It should be noted that alternative cleaning cycles, or modes of operation of the compressed air control valve 184 and fluid control valve 186, are contemplated without departing from the scope of the present disclosure. For example, the controller 200 may alternately open each one of the compressed air control valve 184 and fluid control valve 186 to alternately inject compressed air and cleaning solution into the condensate drain tube 142. Alternatively or additionally, the controller 200 may simultaneously open the compressed air control valve 184 and fluid control valve 186 to jointly inject compressed air and cleaning solution into the condensate drain tube 142. At the end of the cleaning cycle, the controller 200 may close the air control valve 184 and fluid control valve 186 and reopen the fluid control valve 144. Operation of the air conditioning system 100 may then be restarted by the controller 200 or other applicable control system (e.g., a separate thermostat).

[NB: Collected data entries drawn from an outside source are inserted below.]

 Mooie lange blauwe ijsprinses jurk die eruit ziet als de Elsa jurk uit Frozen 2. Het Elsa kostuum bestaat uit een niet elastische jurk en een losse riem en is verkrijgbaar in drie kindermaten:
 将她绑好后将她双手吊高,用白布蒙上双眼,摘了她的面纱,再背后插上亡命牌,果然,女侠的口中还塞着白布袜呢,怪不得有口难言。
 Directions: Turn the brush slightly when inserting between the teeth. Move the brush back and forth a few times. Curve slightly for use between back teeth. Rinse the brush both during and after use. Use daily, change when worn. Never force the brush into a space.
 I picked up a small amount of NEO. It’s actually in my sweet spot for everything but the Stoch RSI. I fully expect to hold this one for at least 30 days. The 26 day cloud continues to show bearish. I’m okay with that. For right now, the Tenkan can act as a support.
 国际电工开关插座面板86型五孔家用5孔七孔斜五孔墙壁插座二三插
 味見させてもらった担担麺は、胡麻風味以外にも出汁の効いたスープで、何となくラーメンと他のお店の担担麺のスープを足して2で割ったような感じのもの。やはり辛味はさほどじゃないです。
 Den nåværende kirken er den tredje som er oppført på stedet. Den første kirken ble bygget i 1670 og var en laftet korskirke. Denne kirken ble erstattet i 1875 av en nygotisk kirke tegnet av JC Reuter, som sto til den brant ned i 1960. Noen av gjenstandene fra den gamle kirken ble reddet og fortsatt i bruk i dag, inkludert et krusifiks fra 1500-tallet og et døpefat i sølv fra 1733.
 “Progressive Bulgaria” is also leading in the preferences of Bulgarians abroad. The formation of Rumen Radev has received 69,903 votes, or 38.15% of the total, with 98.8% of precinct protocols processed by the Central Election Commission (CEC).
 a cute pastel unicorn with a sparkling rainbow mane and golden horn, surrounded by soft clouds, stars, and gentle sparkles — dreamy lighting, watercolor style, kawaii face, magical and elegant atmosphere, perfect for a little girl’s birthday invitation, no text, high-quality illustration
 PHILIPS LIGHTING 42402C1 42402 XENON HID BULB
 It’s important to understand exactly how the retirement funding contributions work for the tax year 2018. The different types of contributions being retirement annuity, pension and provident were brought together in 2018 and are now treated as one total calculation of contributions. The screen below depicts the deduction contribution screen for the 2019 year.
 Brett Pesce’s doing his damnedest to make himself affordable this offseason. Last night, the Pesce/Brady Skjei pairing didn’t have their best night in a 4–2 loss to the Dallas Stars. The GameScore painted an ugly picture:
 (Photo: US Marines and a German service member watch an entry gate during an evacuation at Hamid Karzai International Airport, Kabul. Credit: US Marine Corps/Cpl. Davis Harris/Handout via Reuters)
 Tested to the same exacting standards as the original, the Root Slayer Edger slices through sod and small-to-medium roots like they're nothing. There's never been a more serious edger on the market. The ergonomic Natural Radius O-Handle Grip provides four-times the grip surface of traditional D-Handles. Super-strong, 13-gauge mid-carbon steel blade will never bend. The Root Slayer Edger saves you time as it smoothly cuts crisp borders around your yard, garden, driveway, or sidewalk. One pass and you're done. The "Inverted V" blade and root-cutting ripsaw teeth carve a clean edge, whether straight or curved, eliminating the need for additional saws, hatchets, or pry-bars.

The illustrations of FIGS. 3-6 show an air conditioning system 300 in accordance with an alternative embodiment of the present invention. With reference initially to FIG. 3, similarly to the previous embodiment, an auxiliary tubing 310 is connected to the tubing fitting 150. The auxiliary tubing 310 of the present embodiment, however, is instead provided with a back flow valve 320, a fluid control valve 322, and a tablet holder 324. The back flow valve 320 is configured to permit a downstream fluid flow towards the tubing fitting 150, as indicated by arrow B, and to block an upstream fluid flow, in a direction opposite to arrow B. The fluid control valve 322 is configured for selectively opening and closing fluid flow through the auxiliary tubing 310, for purposes that will be hereinafter described. The fluid control valve 322 may be normally closed, and may include, for instance and without limitation, a normally-closed solenoid valve or other electrically-operated valve; in a non-limiting example, the solenoid or otherwise electrically-operated, fluid control valve 322 may operate at 24 V. As best shown in FIG. 6, in some embodiments, similarly to the fluid control valves of the previous embodiment, the fluid control valve 322 may be powered by the battery 204 and/or the external power source via the transformer 202. As also shown in FIG. 6, the fluid control valve 322 may be operatively connected to the controller 200, either wirelessly or by a wired connection such that the controller 200 may operate the fluid control valve 322.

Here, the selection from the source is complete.